Neu austariert werden müssen in Baku auch die unterschiedlichen Finanzbedarfe und -kapazitäten von Industrie-, Schwellen- und Entwicklungsländern. Das ganze Regelwerk muss dabei gemeinschaftlich von allen Staaten entwickelt und nicht mehr von den Geberländern diktiert werden - wie einst beim Klimagipfel 2009 in Kopenhagen.
Das neue Finanzziel muss klar und messbar sein, nicht vage und unkonkret. Eine Einigung bei den Finanzfragen gilt als entscheidend für den Erfolg des Bakuer Gipfels - dies betont auch der Leiter des UN-Klimasekretariats, Simon Stiell.

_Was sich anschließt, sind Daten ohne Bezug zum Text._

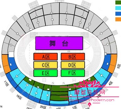 大家可以看到,一般大型的演唱会场馆,都是在体育场等圆形场地。这种场地一般都是像上图所示的那样,舞台建立在其中一方,其他三方以及中间区域是用来观看演唱会的座位,这样就造成了座位的区分。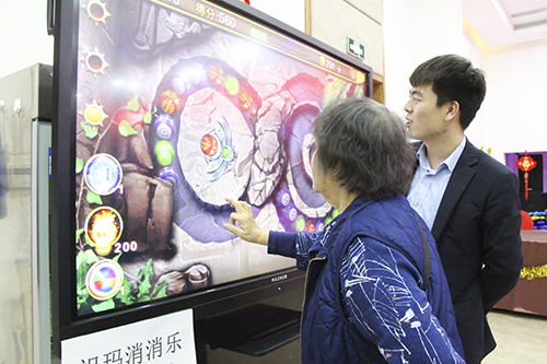 让长者自己动手触屏,消除相同颜色的球,这一活动虽然简单,但如何在短时间内得分高,锻炼了长者的思考能力。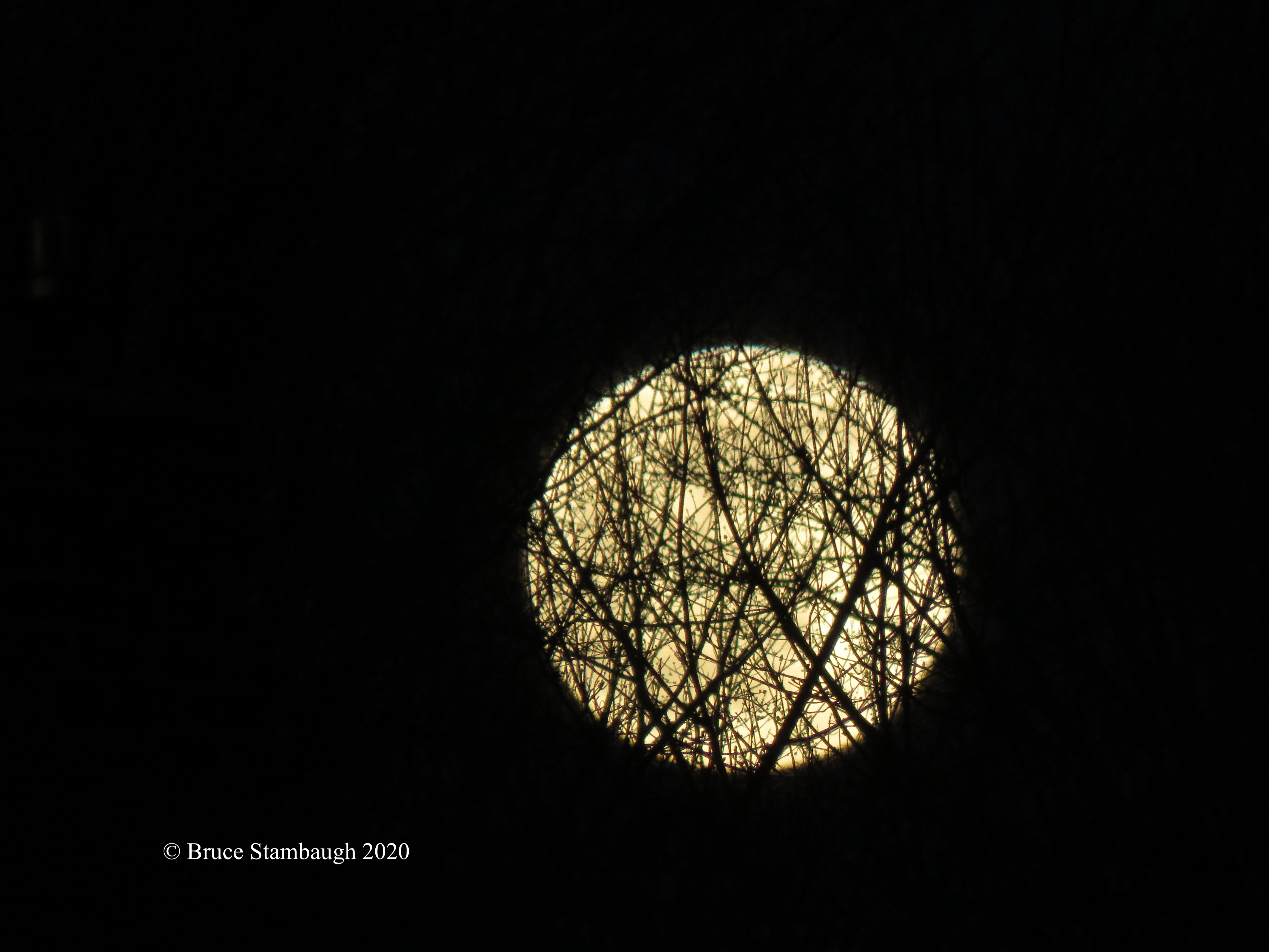 Though this might resemble a nearly empty ball of yarn, it’s actually December’s full moon rising behind some trees. I’m posting this as a reminder to watch for tonight’s Wolf Full Moon. Hopefully, it will be clear where you live so you can enjoy its splendor without any obstructions.

Warum ist das NCQG so wichtig? Das Finanzierungsziel stellt zunächst ein zentrales Arbeitsprogramm der Klimarahmenkonvention dar. Über dieses wurde übrigens seit 2022 bei drei Treffen der politischen Spitzen und elf Expertentreffen beraten.
Wichtiger noch: Eine ausreichende Klimafinanzierung gilt als sogenanntes "conditional target" - als essenziell für den Erfolg des globalen Klimaschutzes. Die nationalen Klimaziele der Entwicklungsländer sind praktisch alle von den Finanzhilfen abhängig. Selbst Schwellenländer wie Mexiko und Argentinien rechnen bei ihren Klimazielen mit Geldern aus der Klimafinanzierung. Bei den ärmsten Ländern der Welt hängen sogar sämtliche Klimaziele von der Finanzierung durch das neue NCQG ab.
Deswegen gilt: Ohne eine Lösung des Finanzknotens wird es den meisten Staaten gar nicht möglich sein, für den Klimagipfel 2025 in Brasilien strengere nationale Klimaziele vorzulegen.
Wo liegen die größten Probleme auf dem Weg zu einem neuen NCQG? Klimafinanzierung ist zunächst immer noch ein vielschichtiges, schwer zu bestimmendes Konzept. So kann der Geldbedarf ermittelt werden, indem die Länder einfach ihre Bedarfe anmelden ("bottom-up"). Möglich sind auch wissenschaftliche Modellierung ("top-down") oder eine Kombination aus beiden. Je nach Methode fällt das Ergebnis sehr unterschiedlich aus.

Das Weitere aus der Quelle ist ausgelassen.